Hold the hate mail, please.

I'm seriously going to write this column. Yes, the Unibrowed Booker is one of Scott "Who's In Charge Here" Keith's least favorite people. I could notch this up to any one of a number of reasons, but the one I choose is Hart Sympathy. You see, Russo was the person who started Sports Entertainment, which Bret couldn't accept. Bret then started to believe his own hype as far as being a Canadian national hero, and everything went downhill from there. Furthermore, deep down I believe Scott think Russo responsible for Owen's death. Folks, it's been 14 months. He's gone. Deal.

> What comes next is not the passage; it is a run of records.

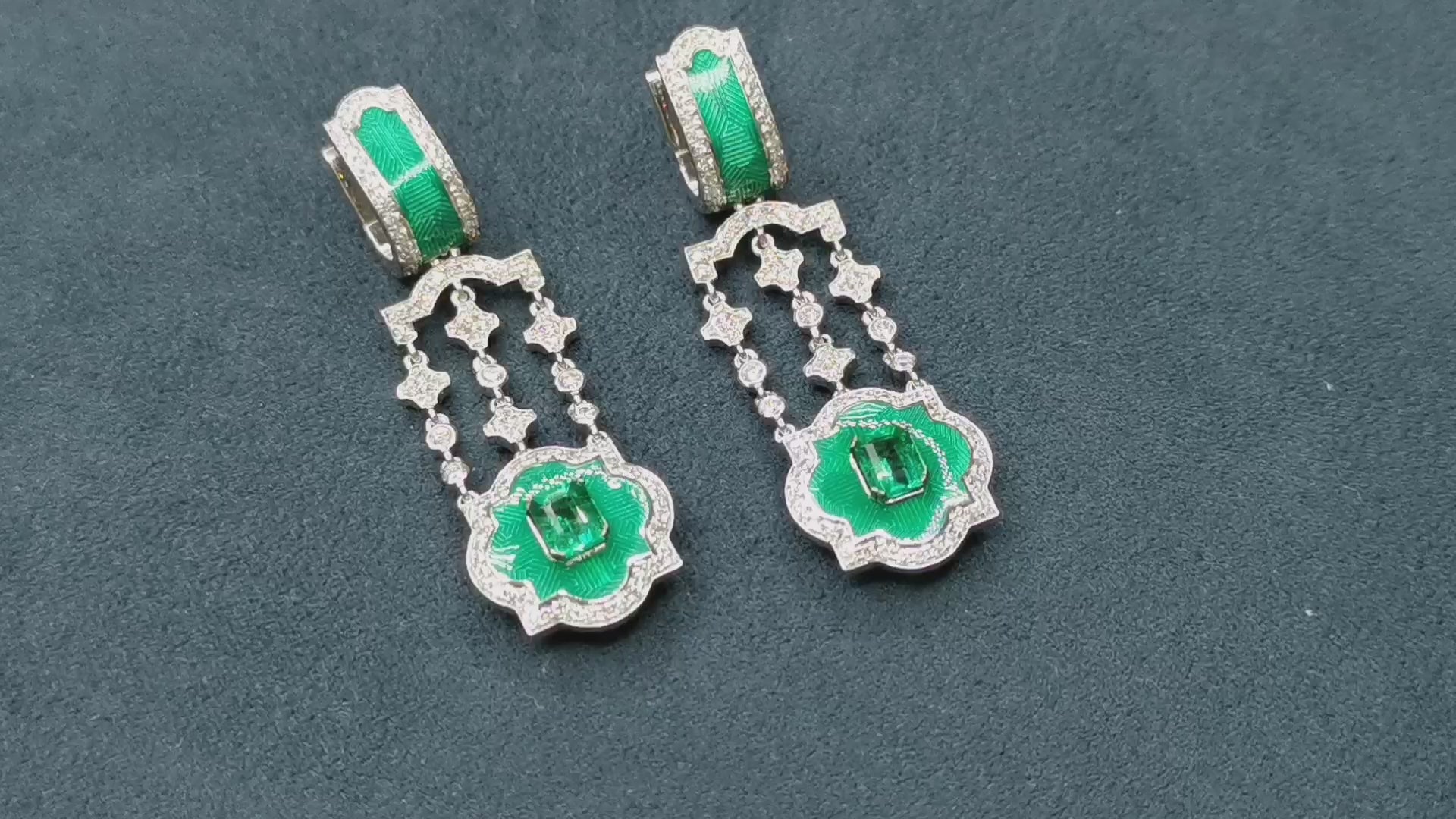 Take your style to the next level with these stunning earrings from the Tweed Collection. Made with 18K white gold, enamel, emerald, and diamonds, these earrings are the perfect accessory to elevate any outfit. You'll feel sophisticated and fashion-forward with every wear.
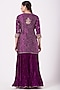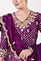 Featuring a purple kurta in pure cora silk base with hand embroidery and bandhani work. It is paired with matching crushed cora silk skirt and a dupatta.
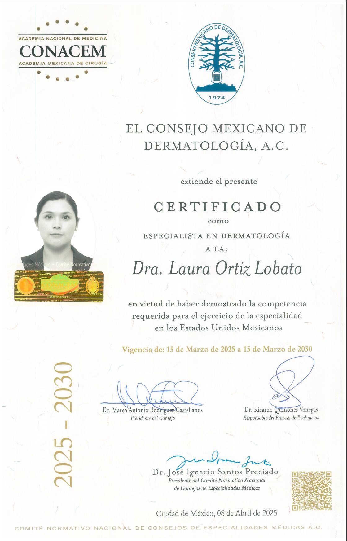 Dermatóloga certificada por el Consejo Mexicano de Dermatología
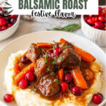 This Christmas Cranberry Balsamic Roast is a festive and flavorful beef roast braised to tender perfection in a rich sauce of balsamic vinegar, fresh cranberries, and aromatic herbs. The combination of sweet, tangy, and savory elements makes it a perfect holiday centerpiece, enhanced by a luscious thickened gravy. Featuring hearty carrots and onions, it’s easy to prepare in the oven or slow cooker for a comforting and elegant meal.
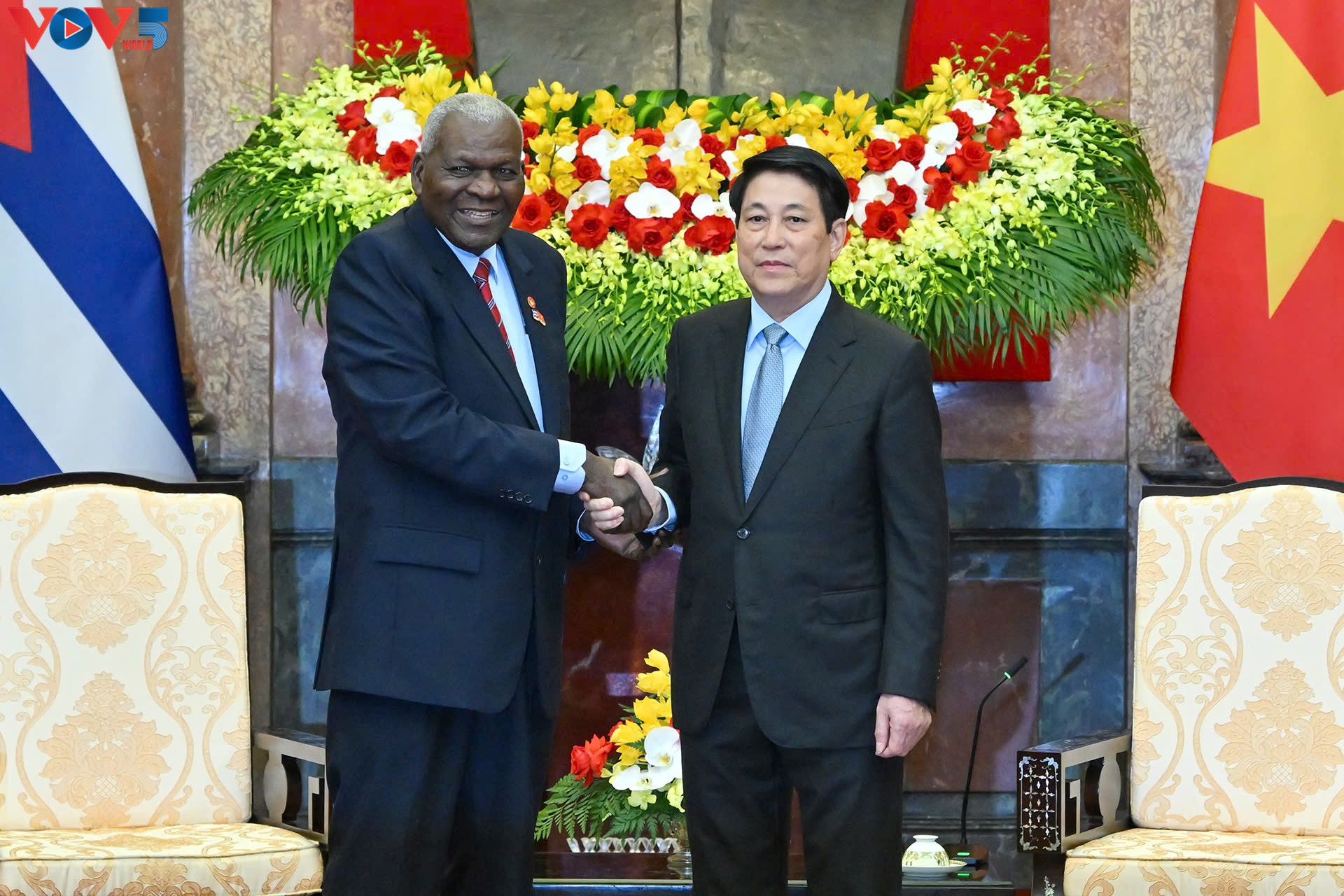 Le président de l’Assemblée nationale cubaine, Esteban Lazo Hernandez et le Premier ministre Pham Minh Chinh. Photo: Lại Hoa/VOV |

That little flame out of the way, let's take the rest of this column to examine why Vince Russo is a Good Thing. Sure, he's given us many Bad Ideas, but there's a main difference. Kevin Nash, Kevin Sullivan, Pat Patterson, etc., would keep pushing those bad ideas down our throats until we gagged on their forearms. With Russo, when an idea sucks, it's usually gone and fast.

Beaver who?

Remember, the Mae Young/Moolah fiascos were mainly AFTER he left.

Including the hand.

But this is about what he's done right, so here we go with Ten Things We Should All Thank Russo For:

1. Chris Benoit as main eventer. Remember the early days of the Powers That Be? One of the things that it involved was Chris Benoit appearing in his first solo main event, against Bret Hart at Mayhem. Mayhem being the transitional PPV that it was, it may not have seemed like much at the time. Soon after, Benoit was booked against no less than Scott Hall, and though he wound up facing Jeff Jarrett, the star was on the rise. A Triple Threat Theater was in the works, Benoit vs. Jarrett in three matches. That would have elevated both to main event status. Even though it fell through, both men are there on their own. And speaking of Jarrett...

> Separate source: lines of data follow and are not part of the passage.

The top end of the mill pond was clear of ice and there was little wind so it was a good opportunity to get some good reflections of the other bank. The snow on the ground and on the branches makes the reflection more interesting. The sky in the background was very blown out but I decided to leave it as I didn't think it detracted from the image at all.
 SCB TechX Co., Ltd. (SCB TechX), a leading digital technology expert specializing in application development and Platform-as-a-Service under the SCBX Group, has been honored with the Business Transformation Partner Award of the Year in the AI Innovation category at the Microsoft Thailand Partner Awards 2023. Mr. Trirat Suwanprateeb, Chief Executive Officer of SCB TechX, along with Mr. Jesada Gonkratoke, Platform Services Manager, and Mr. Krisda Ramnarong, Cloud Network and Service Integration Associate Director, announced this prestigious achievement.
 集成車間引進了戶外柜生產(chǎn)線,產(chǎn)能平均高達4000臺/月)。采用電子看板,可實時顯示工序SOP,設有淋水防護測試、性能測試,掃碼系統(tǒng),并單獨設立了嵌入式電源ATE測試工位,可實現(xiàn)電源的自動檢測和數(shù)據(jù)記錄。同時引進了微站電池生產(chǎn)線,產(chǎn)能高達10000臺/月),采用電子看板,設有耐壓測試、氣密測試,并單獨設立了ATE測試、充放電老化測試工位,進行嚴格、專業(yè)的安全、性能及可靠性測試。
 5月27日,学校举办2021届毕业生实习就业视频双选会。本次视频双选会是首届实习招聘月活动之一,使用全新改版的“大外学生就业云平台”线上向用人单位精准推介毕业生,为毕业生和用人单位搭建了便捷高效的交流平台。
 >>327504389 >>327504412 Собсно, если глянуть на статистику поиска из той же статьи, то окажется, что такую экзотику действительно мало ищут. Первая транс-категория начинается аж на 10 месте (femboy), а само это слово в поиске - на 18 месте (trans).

2. Jeff Jarrett being interesting. Thanks to someone somewhere in the WWF, Jarrett's stint from about December 1997 to May 1999 was kind of nondescript. It was when he won the Intercontinental Title that things got interesting. Sure, many thought he was a surrogate champion, but it got him some spotlight. From there, he had some great opening matches with Edge and D'Lo Brown, emerging as EuroContinental champion. Then came the Andy Kaufman storyline with Chyna, and he was getting the sought-after "Ahole" chant, which followed him in WCW. Now, he's main eventing his 5th straight PPV.=20 That's staying power.

3. The Six-Pack Challenge, Unforgiven '99. Remember this? Perhaps one of the better ways to put a ton of people in the main event in a LONG time was by having a six-way singles match with one fall stips. Add a vacant World Title and Austin outside, and suddenly even the Bulldog looks like a viable contender. And as for the match itself, it was a good to great affair, with many wild near falls and a "heavyweight trainwreck" in the middle, when everyone hit their finishers and broke up falls. That was good booking.

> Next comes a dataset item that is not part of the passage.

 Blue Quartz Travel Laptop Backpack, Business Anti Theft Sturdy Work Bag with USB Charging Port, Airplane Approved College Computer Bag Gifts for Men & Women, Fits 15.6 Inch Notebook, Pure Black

4. The Deadly Game Tournament. Never before had a single storyline influenced so many matches. The story of a manipulative president trying everything in his power to hold down one man played throughout pretty much every match. I'll admit, when I first read the report, I thought, "Huh??", but then I looked on again. While there were a few things which seemed somewhat unusual, the payoff still remains as one of the best, revitalizing Austin vs. McMahon and making the Rock a superstar. Speaking of which...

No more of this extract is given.